When she had been to Treblinka
the previous year she had searched in vain for the stone for her own home
town of Pietrokov. She knew it existed, because then-Chief Rabbi Yisrael
Meir Lau, who came from the same place, had told her that it was there. She
asked any of the kids who came across it to please notify her.
Though it seemed to her as
though the youngsters were a little wild and barely paying attention to her
story, an Argentinian boy from the trip later ran towards her crying: "I
found it! I found it!"
He later told her he had
prayed to find it, and in his heart of hearts he knew he would find it. No
member of his family had even the remotest connection to the Holocaust. He
had come to Poland believing he didn't belong, but after finding the
Pietrokov stone, something shifted. "Now I feel part of the Jewish people,"
he confided to Quint.
Quint often uses contemporary
events as parallels to those of the Holocaust. When she talks about the
Warsaw Ghetto going up in flames and people jumping out of windows from the
upper floors of buildings, she draws a comparison with people jumping out of
the windows of the World Trade Center in New York on 9/11. That vision is
much fresher in people's memories and it helps them to understand the
horrors of the 1940s, she says.
Edna Wilchfort, another
seasoned guide, is a second-generation Holocaust survivor of Czech parentage
whose parents were both in Theresienstadt and whose father later went to
Auschwitz and was liberated in Dachau. After spending several years in the
United States, Wilchfort returned to Israel, and was looking for something
interesting to do. She took a course at Yad Vashem, "and I became connected.
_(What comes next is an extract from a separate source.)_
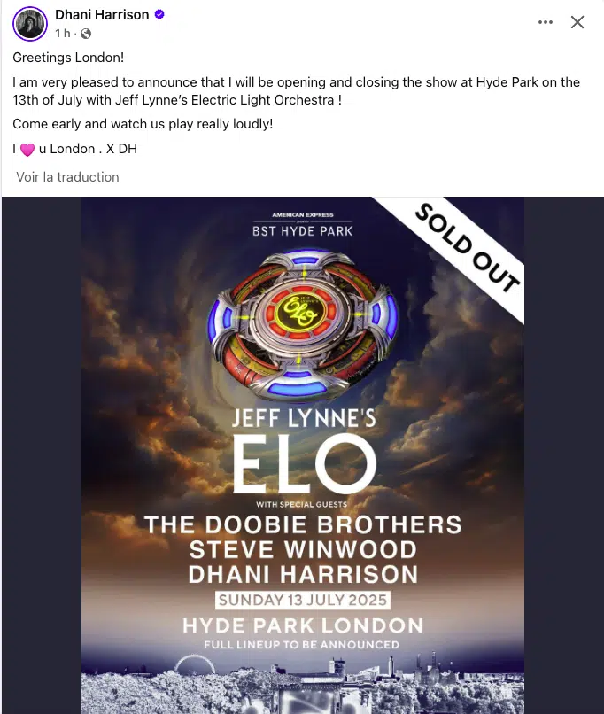 Comme nous vous l’avions annoncé, Jeff Lynne et son groupe ELO se produiront le 13 juillet prochain à Hyde Park, à Londres, dans le cadre d’une mini-tournée qui ressemble un peu à une tournée d’adieu.

It's now a very important part of my life."
Although she also incorporates
personal stories into her tours, she devotes more time to the history
because she often talks to groups of foreign diplomats. In this context she
also stresses the roots of racial anti-Semitism.
She tailors her tours to what
she feels the group will find most interesting, and when people are looking
for the personal more than the general, she has a store of personal stories
that have been passed on to her by survivors, or that she has learned about
in class or through reading.
She also makes distinctions
between talking to Jews and non-Jews.
"With Jews, the connection is
on a different level," she says. One of her more challenging tours was when
she guided a group of Palestinian women from Beit Jalla. "I was teaching
them. I'm sure they hadn't heard much about the Holocaust. They were young
Christians. Their reactions were on interest level rather than emotional.
They weren't at all antagonistic. On the contrary, they were very
attentive."
Approaches vary not only with
regard to Jews and non-Jews but also between Israeli groups and Jewish
groups from abroad.
Shemer says that when he
speaks to overseas groups he never skips the story of the St. Louis, the
ill-fated German ship carrying more than 900 Jewish refugees who were turned
away at nearly every port of call; and when he speaks to Israeli groups, he
never omits the story of the Warsaw Ghetto uprising. "Israelis want to know
the story of resistance," he explains.
There are many high and low
points in fostering Holocaust awareness and remembrance. The recurring high
point for Shemer is when he takes groups to the death camps and sings the
Israeli national anthem.
"When you stand in Auschwitz,
Majdanek or Treblinka and sing 'Hatikva,' it makes you proud, it makes you
cry. There's nothing like it," he says.